**Task goal:** Of all the lines below, return only those starting with the line holding "<p>Defensive tackle Roger" and going on through the line holding "根据弗若斯特沙利文的资料,按", exactly as written.

**Data supplied:**

---+---

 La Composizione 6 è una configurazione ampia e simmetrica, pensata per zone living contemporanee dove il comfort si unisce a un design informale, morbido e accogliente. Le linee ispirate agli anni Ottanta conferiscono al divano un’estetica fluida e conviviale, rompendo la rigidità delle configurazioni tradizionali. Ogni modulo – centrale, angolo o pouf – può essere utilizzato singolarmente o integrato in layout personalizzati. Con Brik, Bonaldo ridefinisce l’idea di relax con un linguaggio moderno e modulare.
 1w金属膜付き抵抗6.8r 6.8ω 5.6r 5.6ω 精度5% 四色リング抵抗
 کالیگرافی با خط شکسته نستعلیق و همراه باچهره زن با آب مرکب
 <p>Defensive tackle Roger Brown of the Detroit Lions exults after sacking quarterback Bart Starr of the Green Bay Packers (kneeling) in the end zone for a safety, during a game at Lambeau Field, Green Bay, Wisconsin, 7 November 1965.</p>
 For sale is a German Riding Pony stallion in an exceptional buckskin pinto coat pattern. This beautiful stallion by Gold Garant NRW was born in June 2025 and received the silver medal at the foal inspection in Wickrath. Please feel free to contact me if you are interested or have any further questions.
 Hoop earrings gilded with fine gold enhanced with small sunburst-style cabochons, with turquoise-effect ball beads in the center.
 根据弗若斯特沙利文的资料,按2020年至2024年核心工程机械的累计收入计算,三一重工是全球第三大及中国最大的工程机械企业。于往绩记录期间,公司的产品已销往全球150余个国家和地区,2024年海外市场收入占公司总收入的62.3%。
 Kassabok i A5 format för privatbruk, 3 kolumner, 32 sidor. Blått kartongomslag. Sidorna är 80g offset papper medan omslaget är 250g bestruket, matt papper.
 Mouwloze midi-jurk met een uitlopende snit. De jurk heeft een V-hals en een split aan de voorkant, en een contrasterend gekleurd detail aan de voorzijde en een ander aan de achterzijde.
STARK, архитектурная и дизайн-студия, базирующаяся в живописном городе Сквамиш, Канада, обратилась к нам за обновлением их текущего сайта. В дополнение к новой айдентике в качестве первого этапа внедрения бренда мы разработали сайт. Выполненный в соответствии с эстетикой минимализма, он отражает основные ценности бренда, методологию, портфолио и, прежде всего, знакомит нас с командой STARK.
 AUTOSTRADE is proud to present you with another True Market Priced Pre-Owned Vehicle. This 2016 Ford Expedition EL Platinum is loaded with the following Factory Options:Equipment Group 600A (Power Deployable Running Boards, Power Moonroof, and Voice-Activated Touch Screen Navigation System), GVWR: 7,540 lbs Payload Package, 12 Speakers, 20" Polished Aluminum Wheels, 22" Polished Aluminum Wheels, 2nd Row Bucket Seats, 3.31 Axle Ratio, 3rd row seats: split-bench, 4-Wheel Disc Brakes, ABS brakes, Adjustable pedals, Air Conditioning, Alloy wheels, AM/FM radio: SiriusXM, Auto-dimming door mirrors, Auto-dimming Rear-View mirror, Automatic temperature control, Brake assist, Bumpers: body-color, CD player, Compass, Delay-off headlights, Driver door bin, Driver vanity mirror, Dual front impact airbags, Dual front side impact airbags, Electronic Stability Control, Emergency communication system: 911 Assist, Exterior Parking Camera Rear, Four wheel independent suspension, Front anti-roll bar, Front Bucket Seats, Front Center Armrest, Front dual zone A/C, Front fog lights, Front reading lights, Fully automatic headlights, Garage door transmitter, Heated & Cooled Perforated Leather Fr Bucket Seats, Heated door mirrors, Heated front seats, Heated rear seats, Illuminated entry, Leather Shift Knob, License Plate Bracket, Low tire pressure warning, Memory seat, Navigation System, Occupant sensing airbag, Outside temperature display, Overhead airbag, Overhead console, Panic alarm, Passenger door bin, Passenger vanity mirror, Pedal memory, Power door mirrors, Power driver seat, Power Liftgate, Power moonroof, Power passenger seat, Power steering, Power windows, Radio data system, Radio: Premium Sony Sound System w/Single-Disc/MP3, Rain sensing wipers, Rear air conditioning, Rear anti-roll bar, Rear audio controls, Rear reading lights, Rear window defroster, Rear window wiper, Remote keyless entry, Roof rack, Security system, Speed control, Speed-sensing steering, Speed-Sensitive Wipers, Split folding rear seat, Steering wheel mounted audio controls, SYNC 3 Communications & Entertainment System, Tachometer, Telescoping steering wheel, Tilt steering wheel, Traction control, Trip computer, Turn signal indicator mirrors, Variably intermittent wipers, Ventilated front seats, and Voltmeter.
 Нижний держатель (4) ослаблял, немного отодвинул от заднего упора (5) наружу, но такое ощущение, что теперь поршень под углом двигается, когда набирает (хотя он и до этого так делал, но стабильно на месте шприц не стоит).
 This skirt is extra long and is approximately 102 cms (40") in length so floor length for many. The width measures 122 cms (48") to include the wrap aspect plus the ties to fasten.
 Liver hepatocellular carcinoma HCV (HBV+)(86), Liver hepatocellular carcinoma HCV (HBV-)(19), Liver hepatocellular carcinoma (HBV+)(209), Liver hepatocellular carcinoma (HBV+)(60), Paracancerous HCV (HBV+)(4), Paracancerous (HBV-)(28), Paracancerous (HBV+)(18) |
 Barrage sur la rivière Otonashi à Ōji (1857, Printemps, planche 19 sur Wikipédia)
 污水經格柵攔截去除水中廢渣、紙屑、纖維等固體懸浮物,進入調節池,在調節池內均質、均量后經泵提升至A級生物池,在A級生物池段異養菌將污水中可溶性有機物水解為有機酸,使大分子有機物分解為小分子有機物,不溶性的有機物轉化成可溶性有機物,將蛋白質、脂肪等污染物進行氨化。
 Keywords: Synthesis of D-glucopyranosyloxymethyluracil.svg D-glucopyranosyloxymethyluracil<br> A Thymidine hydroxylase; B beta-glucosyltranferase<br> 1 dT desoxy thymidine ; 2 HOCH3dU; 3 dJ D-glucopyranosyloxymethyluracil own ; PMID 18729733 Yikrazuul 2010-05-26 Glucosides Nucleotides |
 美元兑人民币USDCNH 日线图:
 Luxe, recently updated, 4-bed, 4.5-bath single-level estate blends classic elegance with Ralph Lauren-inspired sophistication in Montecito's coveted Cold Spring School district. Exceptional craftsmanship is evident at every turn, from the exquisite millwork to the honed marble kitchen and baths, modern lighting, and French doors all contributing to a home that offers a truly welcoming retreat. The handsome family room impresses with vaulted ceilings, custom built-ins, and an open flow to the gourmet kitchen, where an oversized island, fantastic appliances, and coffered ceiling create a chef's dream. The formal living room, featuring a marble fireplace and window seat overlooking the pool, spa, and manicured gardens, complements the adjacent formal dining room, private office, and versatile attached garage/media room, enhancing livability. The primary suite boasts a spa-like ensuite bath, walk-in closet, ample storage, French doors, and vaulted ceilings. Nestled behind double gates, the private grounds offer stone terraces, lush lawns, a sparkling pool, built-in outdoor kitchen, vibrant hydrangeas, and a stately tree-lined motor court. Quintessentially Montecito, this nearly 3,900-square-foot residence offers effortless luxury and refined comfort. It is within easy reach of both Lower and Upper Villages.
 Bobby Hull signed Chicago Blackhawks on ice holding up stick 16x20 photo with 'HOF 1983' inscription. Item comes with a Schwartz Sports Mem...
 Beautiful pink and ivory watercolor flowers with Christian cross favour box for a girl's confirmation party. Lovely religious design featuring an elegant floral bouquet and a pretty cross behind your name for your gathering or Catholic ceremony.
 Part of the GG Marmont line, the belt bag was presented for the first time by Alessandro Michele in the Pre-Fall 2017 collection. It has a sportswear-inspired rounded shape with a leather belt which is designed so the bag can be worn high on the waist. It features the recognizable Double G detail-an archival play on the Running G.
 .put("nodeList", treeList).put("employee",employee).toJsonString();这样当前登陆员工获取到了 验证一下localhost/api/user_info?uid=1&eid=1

---+---

**Solution:**
 <p>Defensive tackle Roger Brown of the Detroit Lions exults after sacking quarterback Bart Starr of the Green Bay Packers (kneeling) in the end zone for a safety, during a game at Lambeau Field, Green Bay, Wisconsin, 7 November 1965.</p>
 For sale is a German Riding Pony stallion in an exceptional buckskin pinto coat pattern. This beautiful stallion by Gold Garant NRW was born in June 2025 and received the silver medal at the foal inspection in Wickrath. Please feel free to contact me if you are interested or have any further questions.
 Hoop earrings gilded with fine gold enhanced with small sunburst-style cabochons, with turquoise-effect ball beads in the center.
 根据弗若斯特沙利文的资料,按2020年至2024年核心工程机械的累计收入计算,三一重工是全球第三大及中国最大的工程机械企业。于往绩记录期间,公司的产品已销往全球150余个国家和地区,2024年海外市场收入占公司总收入的62.3%。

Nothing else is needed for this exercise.